One approach is to begin by splitting up the secret into three shares that add up to \(s\). For example, we could pick \(s_1\) and \(s_2\) randomly and then set \(s_3 = s - s_1 - s_2\). This gives us three secret shares such that all three are required to recover our secret; knowing any two secret shares yields no information about \(s\) since it is still equally likely to be any number. Next, we can turn this \(t=3\) scheme into a \(t=2\) scheme by making our secret shares collections of these pieces. Namely, we give Alice the set \(\{s_2, s_3\},\) we give Bob the set \(\{s_1, s_3\},\) and we give Carol the set \(\{s_1, s_2\}\). No individual has any information about \(s\), but if any two of them collaborate, they will collectively know all three summands!

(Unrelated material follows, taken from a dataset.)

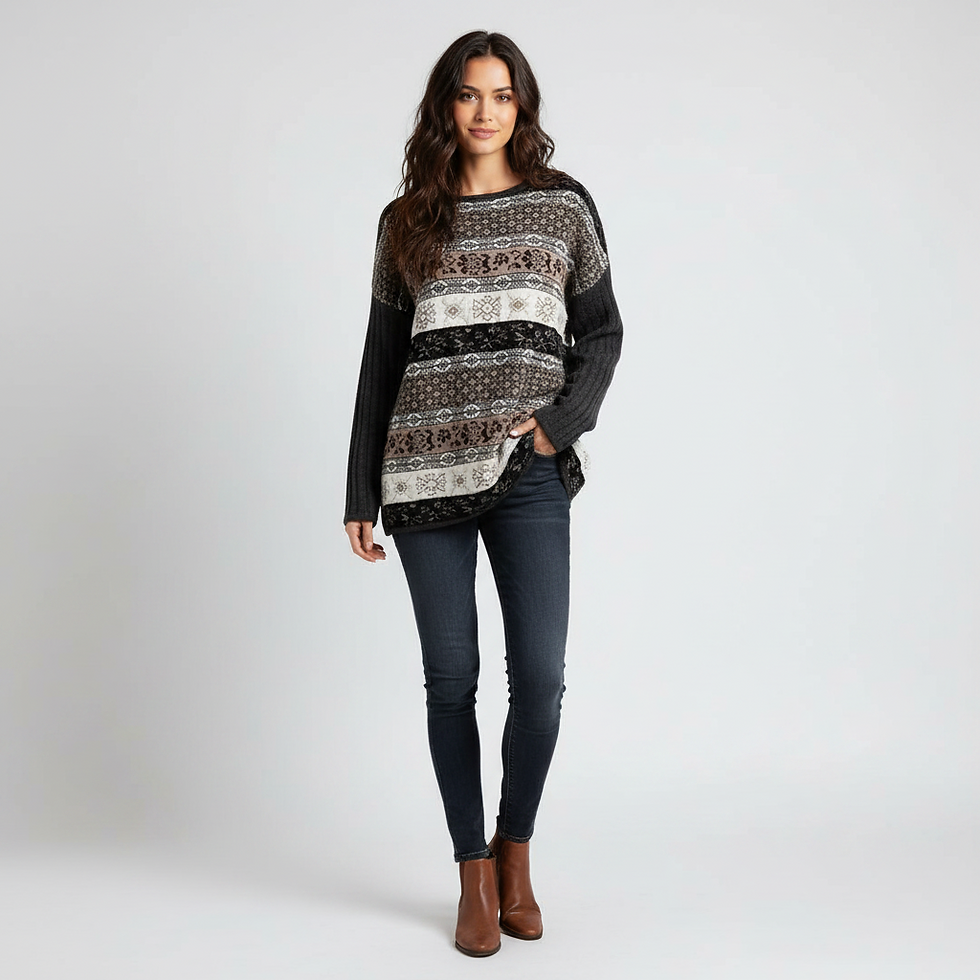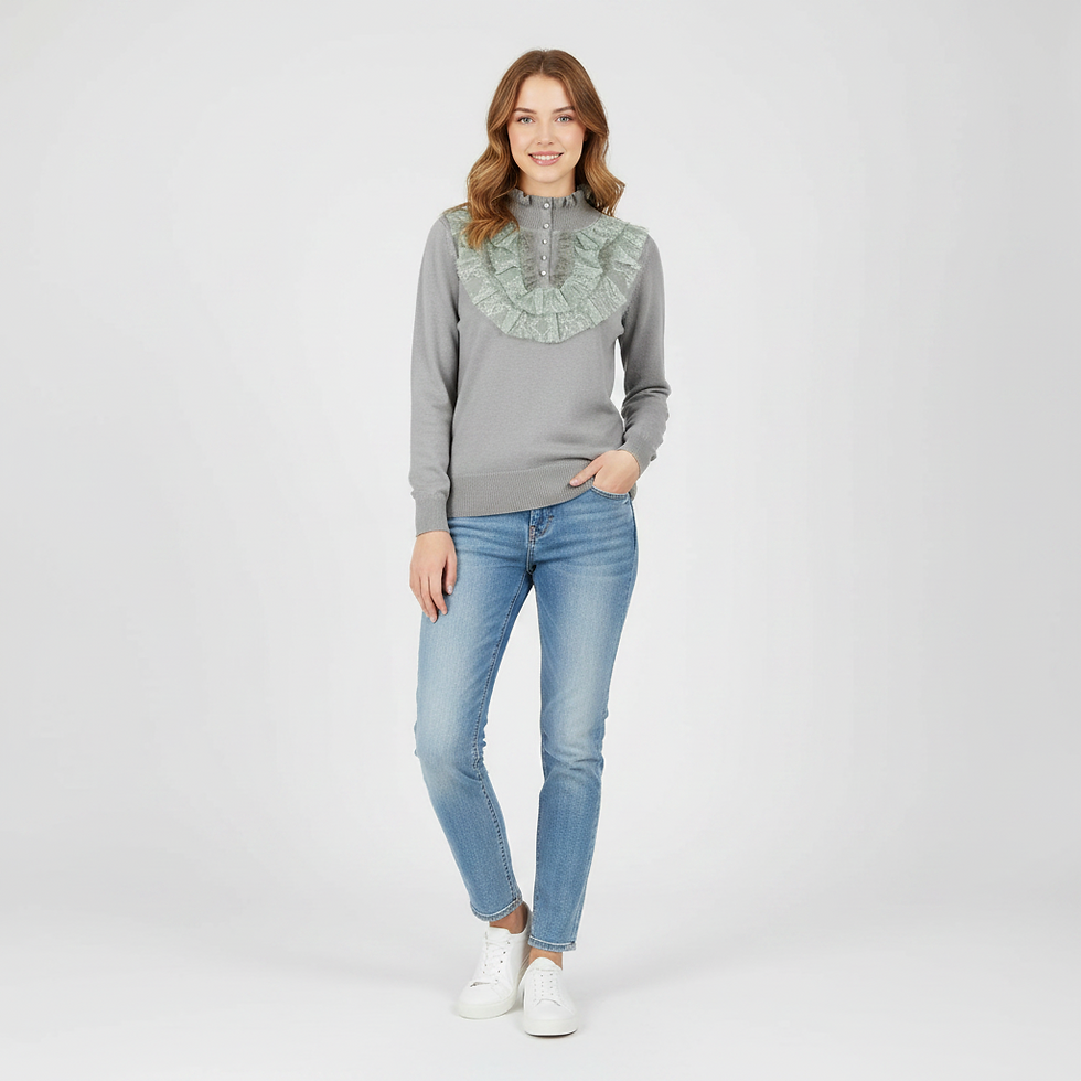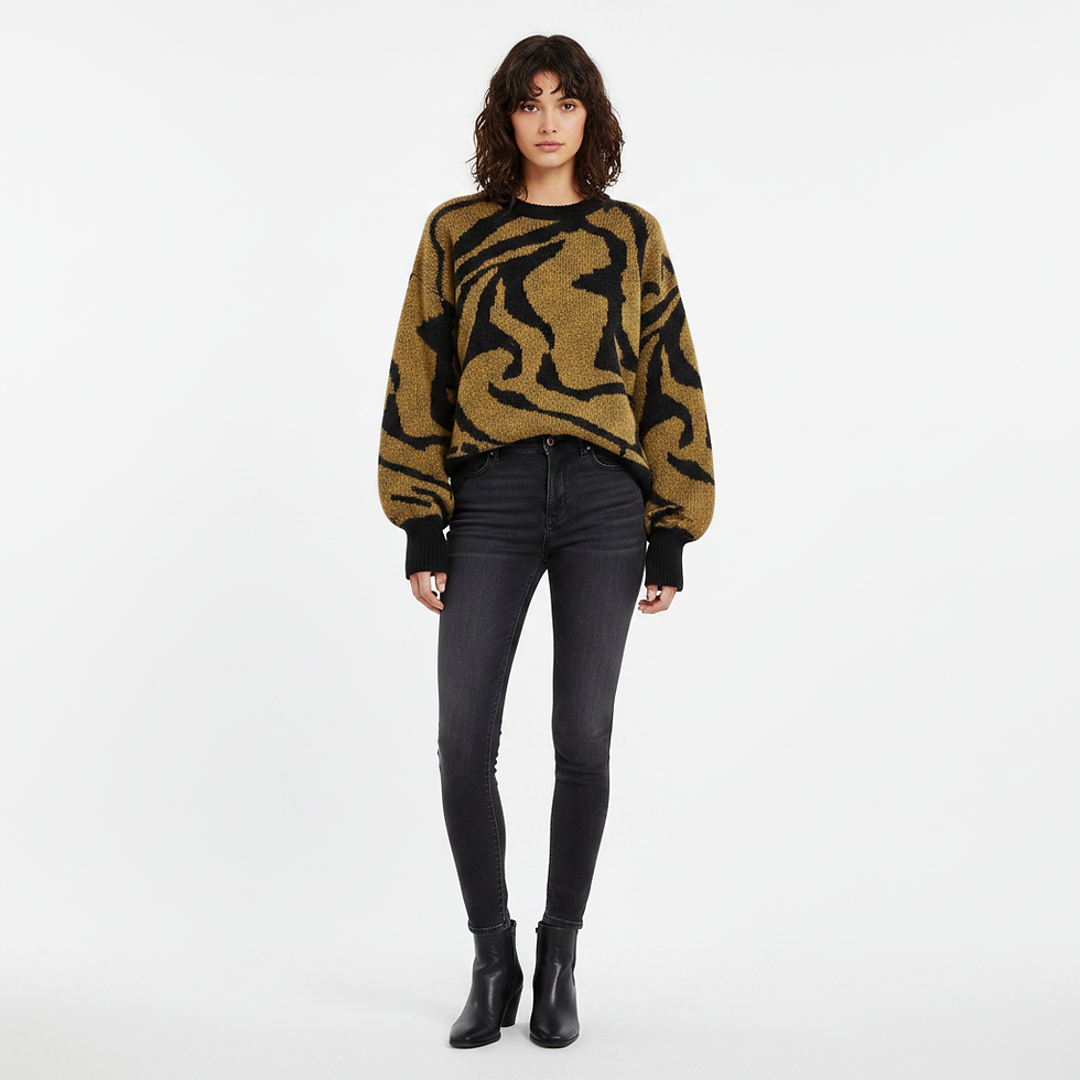Sweater vintage acanalado en tono negro con detalle de vuelos en mangas y basta. Femenino y versátil, ideal para un look minimal con un toque especial. Talla M (Ver medidas).

An alternative approach is to use the fact that any two points define an entire line. Thus, if we work in the standard 2-dimensional plane and pick one point to be \((0, s)\), and we pick a second point to have a random second coordinate, \((1, s_1)\), then these two points uniquely define a line on which must contain some points \((2, s_2)\) and \((3, s_3)\) for some values of \(s_2\) and \(s_3\). Once we have chosen \(s_1\) at random there are even nice formulas for our other values that can be derived from very elementary means. For example, we know the slope of this line is \(\frac{s_1 - s}{1 - 0} = s_1 - s\) so that
\[s_2 = s_1 + (s_1 - s) = 2s_1 - s\]and
\[s_3 = s_2 + (s_1 - s) = 2s_1 - s + (s_1 - s) = 3s_1 - 2s.\]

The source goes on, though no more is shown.